** The input **
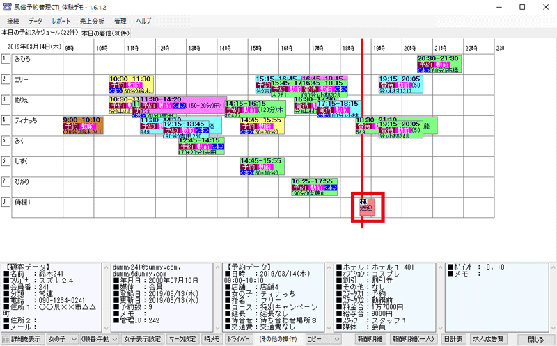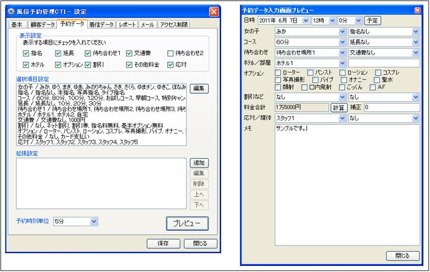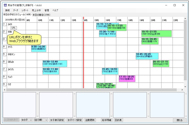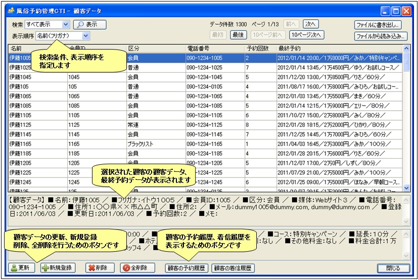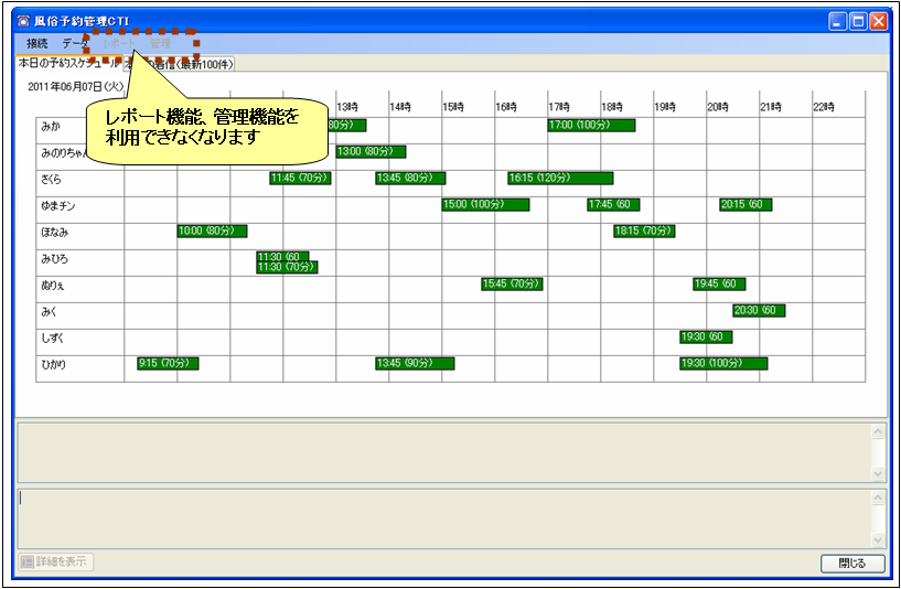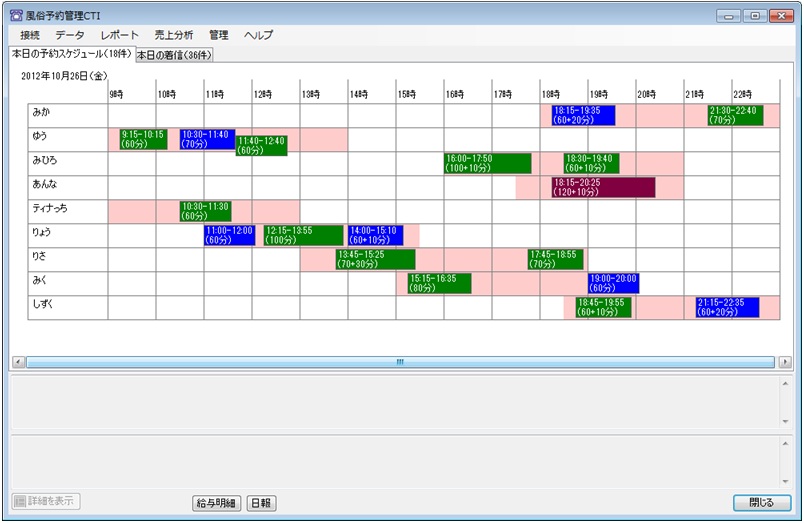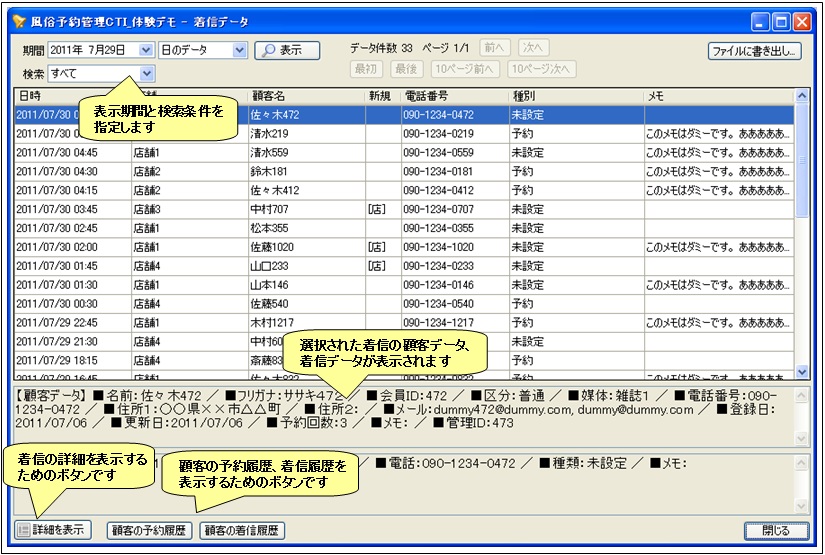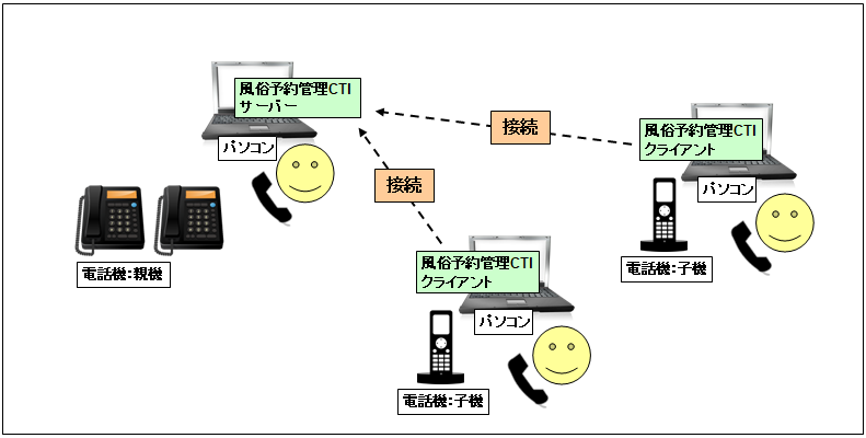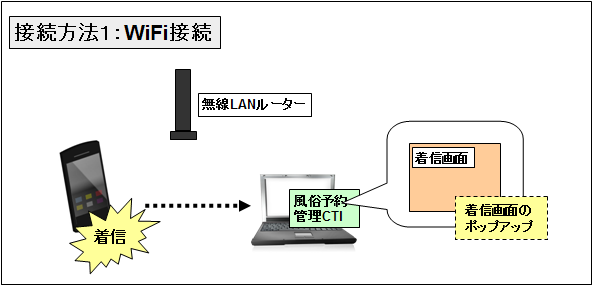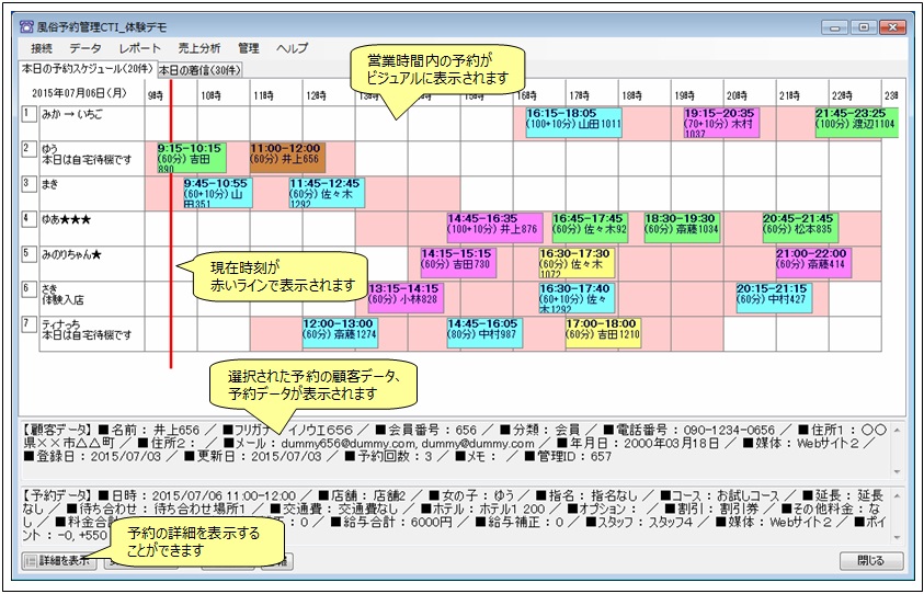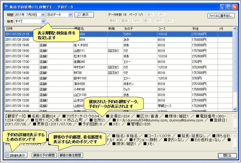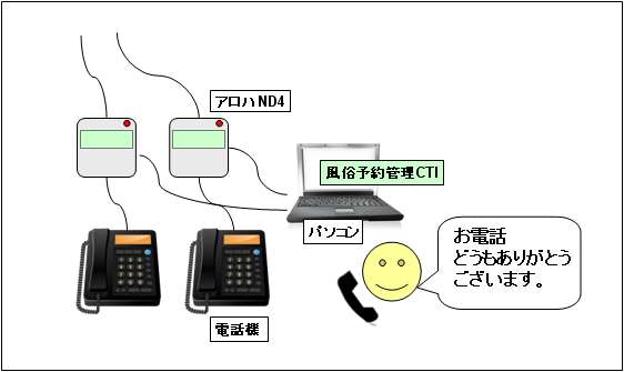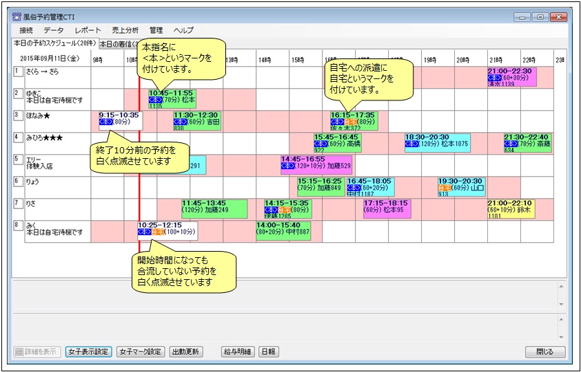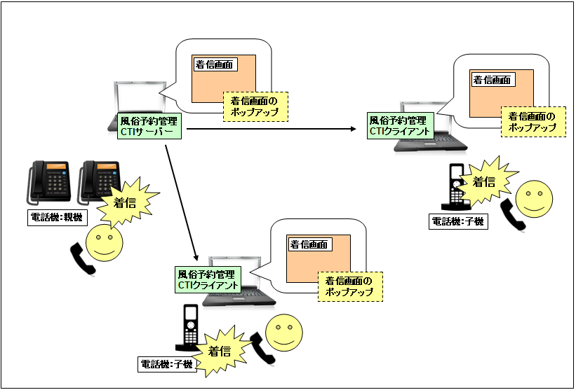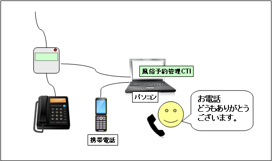 風俗予約管理CTIの機能お客様から電話を受けたときに、お客様の情報や、お客様の過去の予約情報が表示されます。
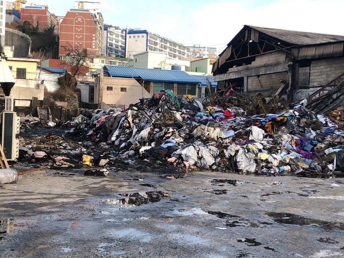 ▲의류회사와 의류창고 건물은 흔적도 없이 사라지고 잿더미만 남았다. |
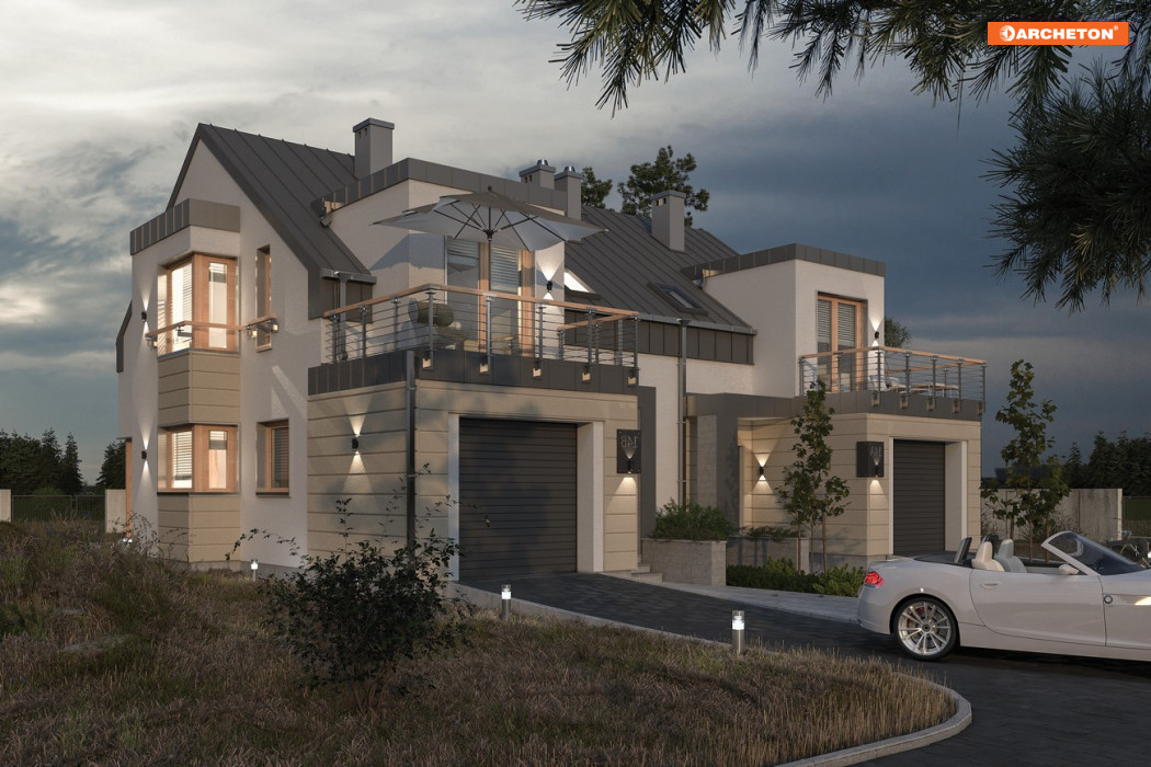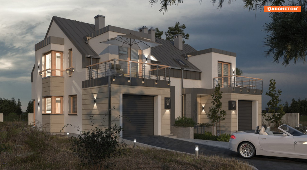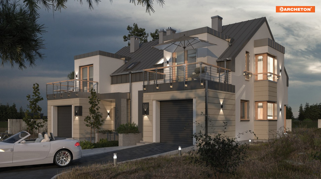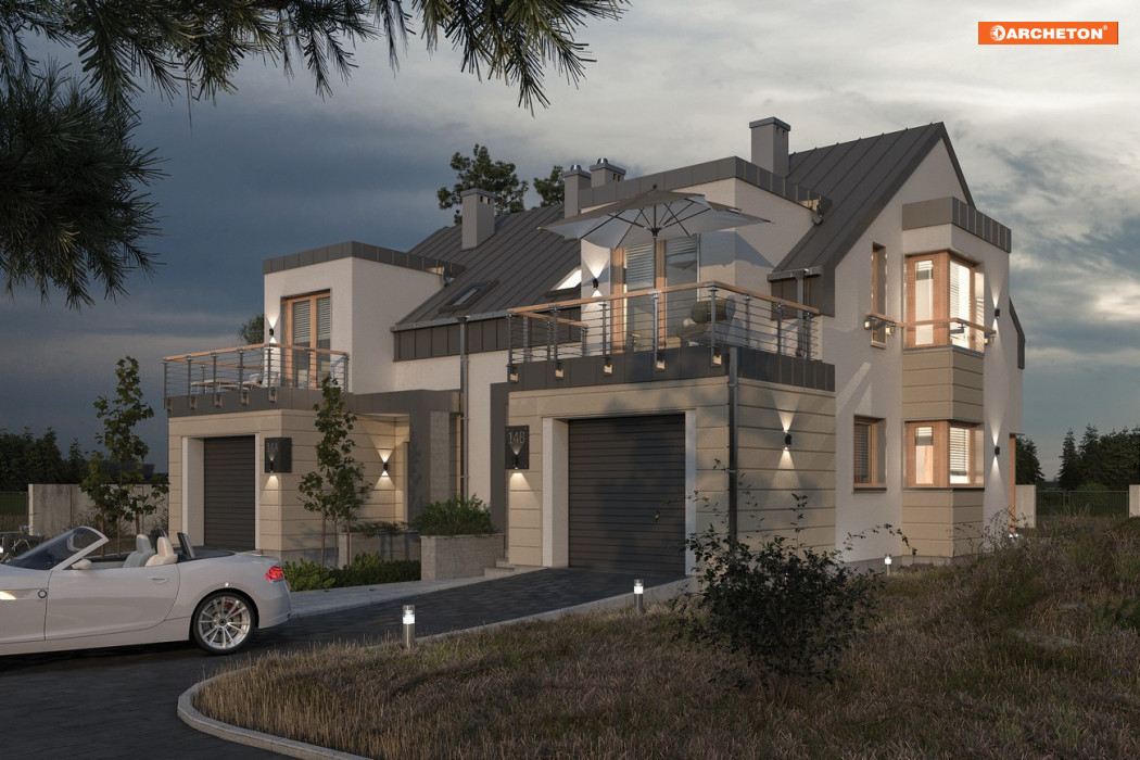 Grupa bliźniaków, do których należy projekt domu Morela Duo, jest najoszczędniejsza w gospodarowaniu przestrzenią, na najwęższych działkach. Ten parterowy dom z użytkowym poddaszem oferuje mieszkanie dla czteroosobowej rodziny z wbudowanym częściowo garażem na najbardziej wydłużonym planie wśród propozycji o powierzchni 100-110m2. Strefa dzienna mieszkania znajduje się na tyłach domu, a od frontu ulokowano wjazd i wejście. Kocioł gazowy jest w łazience. Głębiej, naprzeciwko schodów, znalazła się otwarta na pokój dzienny kuchnia, powiększona ryzalitem z narożnym oknem, które poszerza wgląd na otoczenie domu. Salon składa się z części jadalnianej i rekreacyjnej. Pod dwuspadowym dachem o kalenicy równoległej do drogi dojazdowej zmieściły się trzy sypialnie z łazienką. Każda ma oryginalny kształt: dwie od frontu i od ogrodu dzięki płasko przekrytym lukarnom z wyjściami na balkony, a najmniejsza z nich - za sprawą narożnego okna ryzalitu. W projekcie domu Morela Duo część garażowa, inaczej niż zwykle, nie przylega do granicy, co w połączeniu z elementami rozbudowującymi bryłę i z pudełkową stylistyką tworzy efekt malarski i nowoczesny jednocześnie.
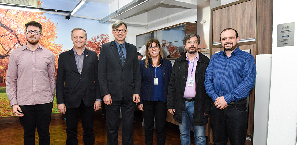 O reitor Evaldo Antonio participou da cerimônia de inauguração do Espaço Gourmet da Associação dos Docentes da Universidade de Caxias do Sul (ADUCS), realizada nesta quarta-feira, 26 de setembro, com a participação de associados e convidados. O espaço foi constituído graças à parceria de longa data com as empresas Evviva, do Grupo Bertolini, e Tramontina, que assinam o projeto do espaço. "A sede da ADUCS constitui-se em um espaço de convívio agradável que valoriza os professores", definiu o reitor, enaltecendo, ainda, a pró-atividade no estabelecimento de parcerias com empresas de relevância no cenário regional e nacional.
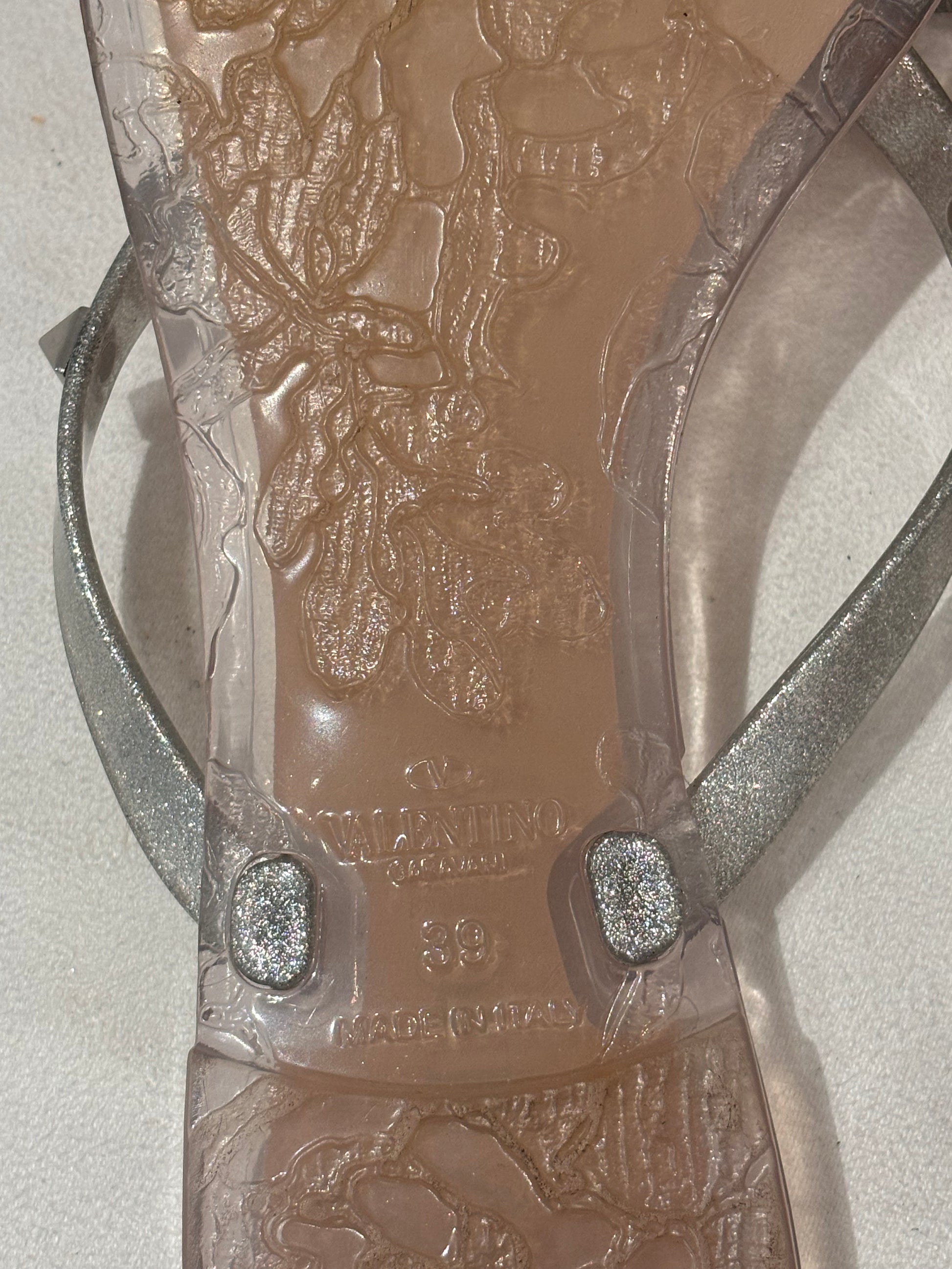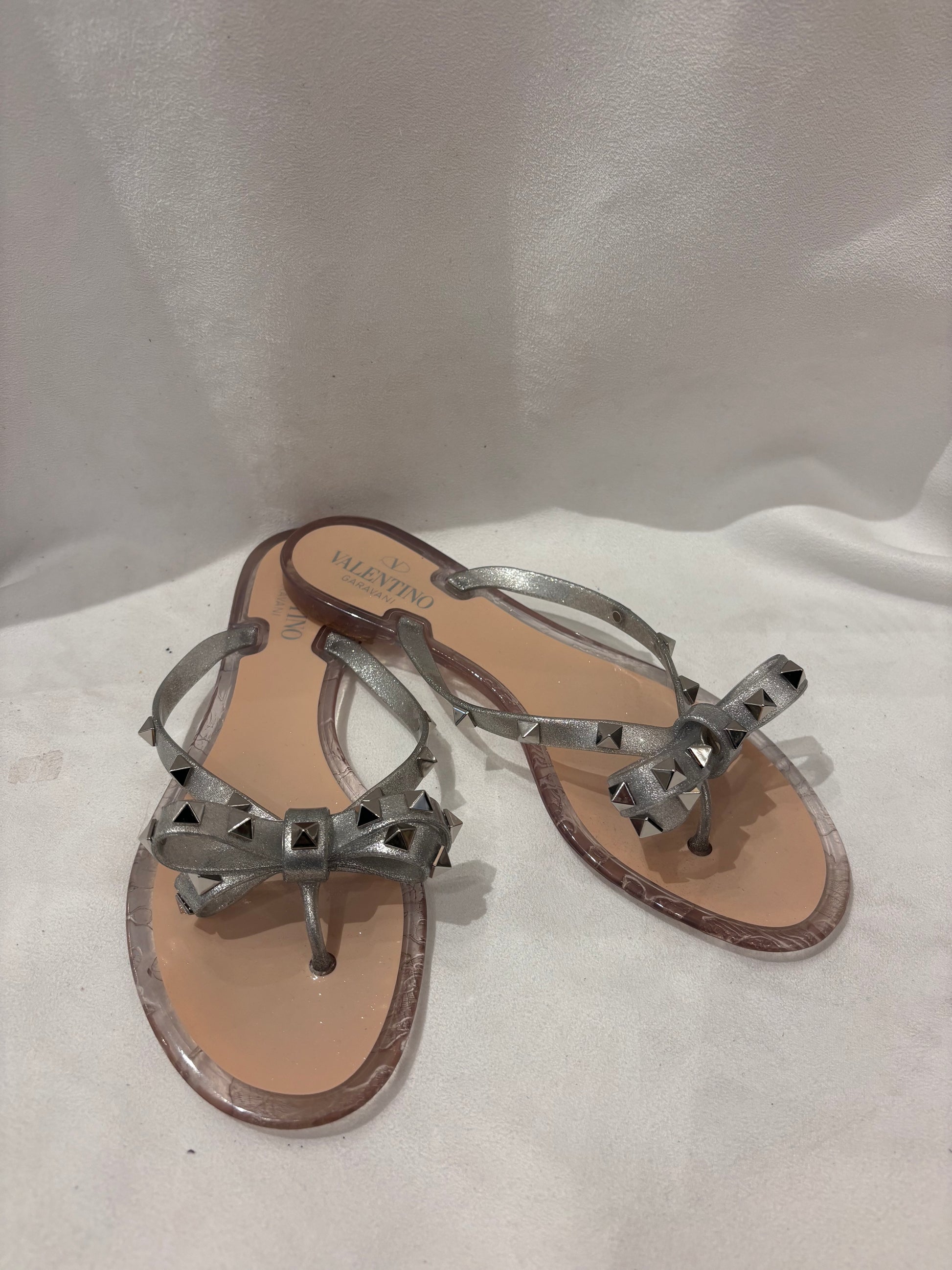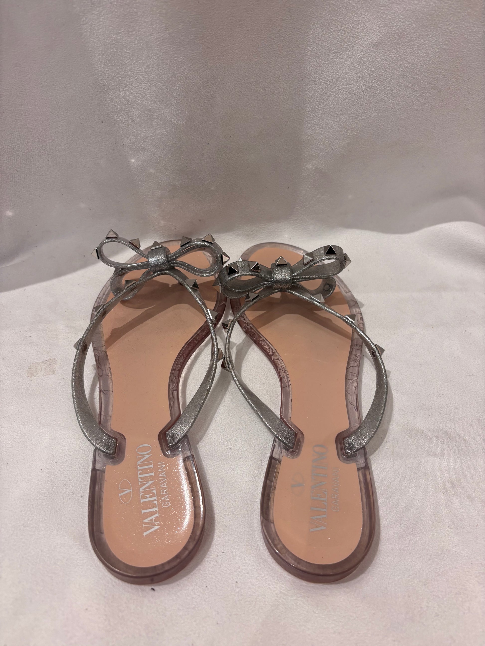 Valentino Silver Thong Rockstud Jelly Flats Size 39

** What to work on **
An exact copy of the entries, without any pictures, is what the answer should be.

** Written response **
 風俗予約管理CTIの機能お客様から電話を受けたときに、お客様の情報や、お客様の過去の予約情報が表示されます。
 ▲의류회사와 의류창고 건물은 흔적도 없이 사라지고 잿더미만 남았다. |
 Grupa bliźniaków, do których należy projekt domu Morela Duo, jest najoszczędniejsza w gospodarowaniu przestrzenią, na najwęższych działkach. Ten parterowy dom z użytkowym poddaszem oferuje mieszkanie dla czteroosobowej rodziny z wbudowanym częściowo garażem na najbardziej wydłużonym planie wśród propozycji o powierzchni 100-110m2. Strefa dzienna mieszkania znajduje się na tyłach domu, a od frontu ulokowano wjazd i wejście. Kocioł gazowy jest w łazience. Głębiej, naprzeciwko schodów, znalazła się otwarta na pokój dzienny kuchnia, powiększona ryzalitem z narożnym oknem, które poszerza wgląd na otoczenie domu. Salon składa się z części jadalnianej i rekreacyjnej. Pod dwuspadowym dachem o kalenicy równoległej do drogi dojazdowej zmieściły się trzy sypialnie z łazienką. Każda ma oryginalny kształt: dwie od frontu i od ogrodu dzięki płasko przekrytym lukarnom z wyjściami na balkony, a najmniejsza z nich - za sprawą narożnego okna ryzalitu. W projekcie domu Morela Duo część garażowa, inaczej niż zwykle, nie przylega do granicy, co w połączeniu z elementami rozbudowującymi bryłę i z pudełkową stylistyką tworzy efekt malarski i nowoczesny jednocześnie.
 O reitor Evaldo Antonio participou da cerimônia de inauguração do Espaço Gourmet da Associação dos Docentes da Universidade de Caxias do Sul (ADUCS), realizada nesta quarta-feira, 26 de setembro, com a participação de associados e convidados. O espaço foi constituído graças à parceria de longa data com as empresas Evviva, do Grupo Bertolini, e Tramontina, que assinam o projeto do espaço. "A sede da ADUCS constitui-se em um espaço de convívio agradável que valoriza os professores", definiu o reitor, enaltecendo, ainda, a pró-atividade no estabelecimento de parcerias com empresas de relevância no cenário regional e nacional.
 Valentino Silver Thong Rockstud Jelly Flats Size 39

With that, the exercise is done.